3. Traverse the 2D array starting from dp[m][n]. Do following for every cell dp[i][j]

• If characters (in X and Y) corresponding to dp[i][j] are same (Or X[i-1] == Y[j-1]), then include this character as part of LCS.
• Else compare values of dp[i-1][j] and dp[i][j-1] and go in direction of greater value.

string lcs(string a,string b)
{
    int la=a.length();
    int lb=b.length();
    int dp[1001][1001] = {0};

    for(int i=0;i<=la;i++)
    {
        dp[i][0]=0;
    }
    for(int i=0;i<=lb;i++)
    {
        dp[0][i]=0;
    }

    // Following steps build dp[m+1][n+1] in bottom up fashion. Note 
    // that dp[i][j] contains length of LCS of a[0..i-1] and b[0..j-1]
    for(int i=1;i<=la;i++)
    {
        for(int j=1;j<=lb;j++)
        {
            if(a[i-1]==b[j-1])
            {
                dp[i][j]=dp[i-1][j-1]+1;
            }
            else
            {
                dp[i][j]=max(dp[i-1][j],dp[i][j-1]);
            }
        }
    }
    int i=la,j=lb;
    string ans="";
    // Start from the right-most-bottom-most corner and 
    // one by one store characters in lcs[] 
    while(i>0 && j>0)
    {
        if(a[i-1] == b[j-1])
        {
            // If current character in a and b are same, then 
            // current character is part of LCS 
            ans=a[i-1]+ans;
            i--;
            j--;
        }
        // If not same, then find the larger of two and 
        // go in the direction of larger value
        else if(dp[i-1][j]>dp[i][j-1])
        {
            i--;
        }
        else
        {
            j--;
        }
    }

    return ans;
}

sir why is the 2d vector in the video is send by reference in the lcs function?

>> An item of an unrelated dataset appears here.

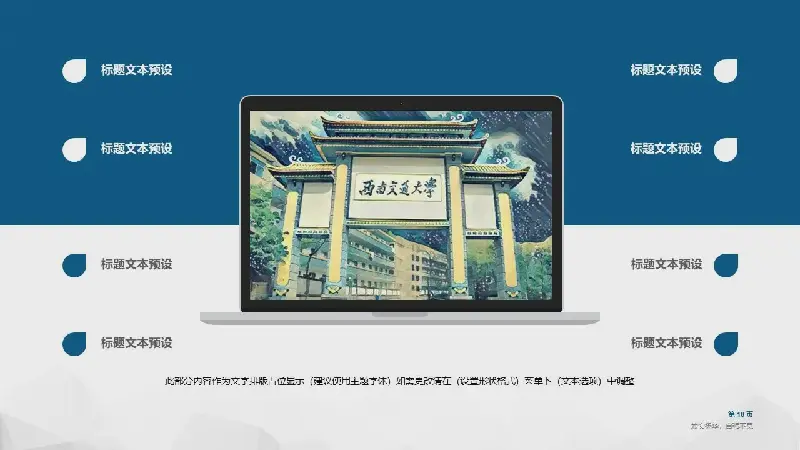 關鍵詞:大學校徽、院校照片PowerPoint背景圖片,藍色扁平化PPT圖表,動態畢業論文答辯PPT模板,.PPTX格式;

Why 2d vector ? because 2 strings and hence 2 states so 2d matrix
Why by reference ? If its not passed by reference then how its beneficial to save the result
the main objective of memoisation is to not calculate again if we already have answers saved corresponding to it

but we are in the same function lcs …then what is the need of sending it by reference ?

We are in same function but difeerent subcalls of lcs
Now any change done in subcall will not be reflected in vector unless its passed by reference

okay !! this is due to recursion right ?

Yeah …